Specifically, the SMPL action sequence may be migrated to obtain an action sequence with N key points, the N key points being N vertexes in the skeleton tree; and then, the drivable 3D human body mesh model may be driven using the action sequence with the N key points, thereby obtaining the required 3D human body animation.

Usually, a standardized SMPL action sequence corresponds to 24 key points, and a value of N is not 24 and is, for example, 17; then, the SMPL action sequence is required to be migrated to the skeleton tree with the N vertexes (key points), so as to obtain the action sequence with the N key points.

It should be noted that, if the value of N is 24, the above-mentioned migration is not required.

A method for obtaining the action sequence with the N key points is not limited; for example, various existing action migration methods or a pre-trained network model may be used, input is the SMPL action sequence, and output is the action sequence with the N key points.

When the network model is trained, a loss function may be defined as an Euclidean distance of corresponding key points in a 3D space, and the corresponding key points refer to matched key points; for example, 17 (the value of N) of the 24 key points corresponding to the SMPL action sequence are matched with the N key points in the skeleton tree, the residual 7 key points are then unmatched key points, and weights of location differences of the unmatched key points may be reduced or directly set to 0.

After the action sequence with the N key points is obtained, the drivable 3D human body mesh model obtained previously may be driven using the action sequence with the N key points, so as to obtain the 3D human body animation. As shown in FIG. 3, FIG. 3 is a schematic diagram of the 3D human body animation according to the present disclosure.

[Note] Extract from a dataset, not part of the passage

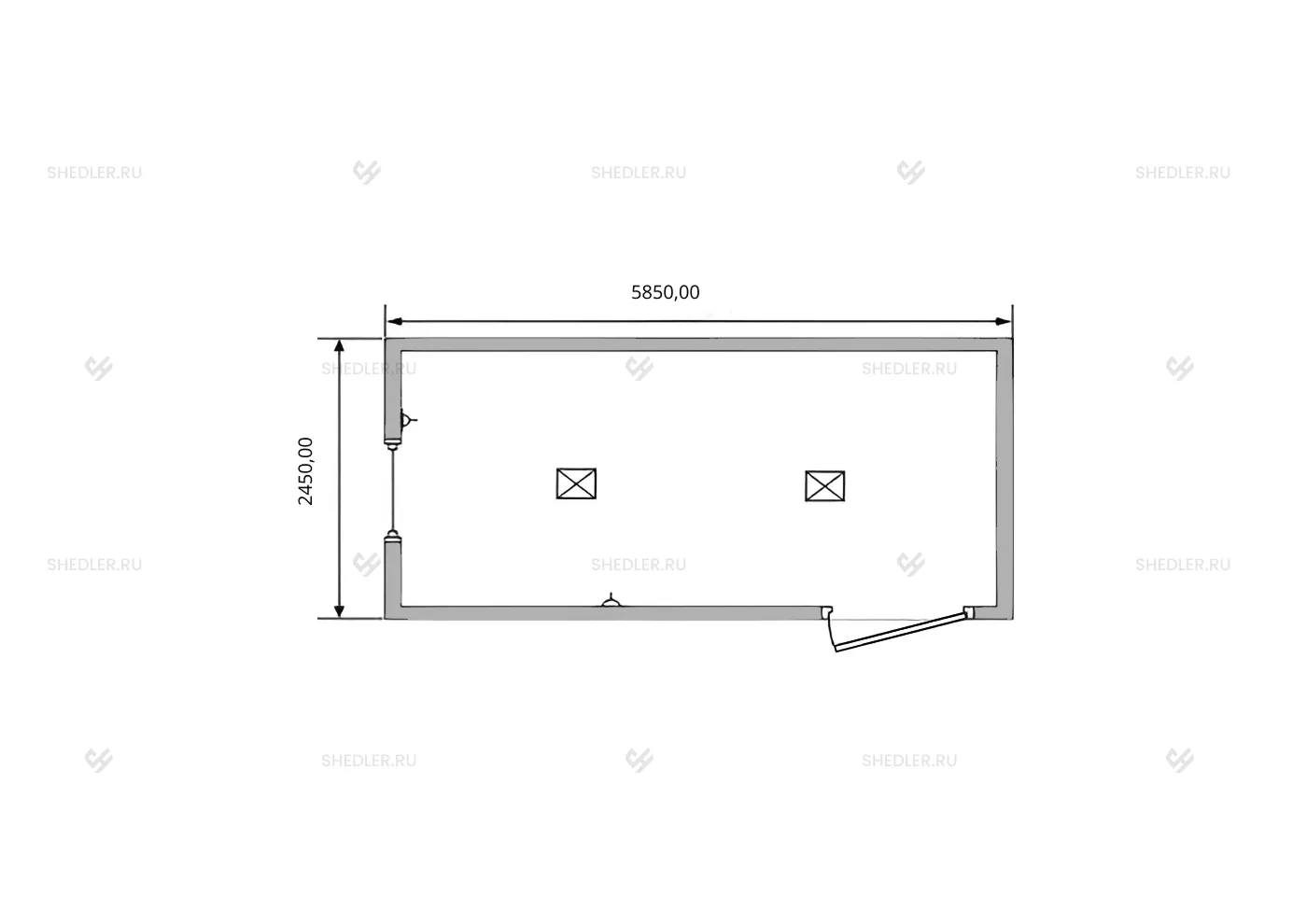 База сооружения – сварной каркас из стального швеллера 120 мм и уголка 90 мм. Благодаря ему контейнер с оцинкованным дном УБК-033 от SHEDLER по максимальным ветровым и снеговым нагрузкам соответствует установленным требованиям. От атмосферных осадков внутреннее пространство защищено сварной крышей из листовой стали 0,7 мм и фасадными стенами из цветного профлиста марки C8. Порошковое покрытие повышает привлекательность помещения, защищает наружные стены от коррозионного разрушения. Стальное дно защищено от влаги гальваническим покрытием, нанесенным при помощи горячего цинкования.

It can be seen from the above description that the drivable 3D human body mesh model according to the present disclosure is compatible with the standardized SMPL action sequence, and a corresponding 3D human body animation may be accurately and efficiently generated according to the drivable 3D human body mesh model and the SMPL action sequence.

In summary, a pipeline is constructed in the method according to the present disclosure, and the drivable 3D human body mesh model and the 3D human body animation may be generated for any input 2D image and SMPL action sequence; although some network models may be used, these network models are relatively simple, and compared with a method of directly using a trained network model to generate a drivable 3D human body mesh model in the prior art, the method according to the present disclosure reduces consumed resources, is applicable to any dressed human body and any action sequence, and has wide applicability, or the like.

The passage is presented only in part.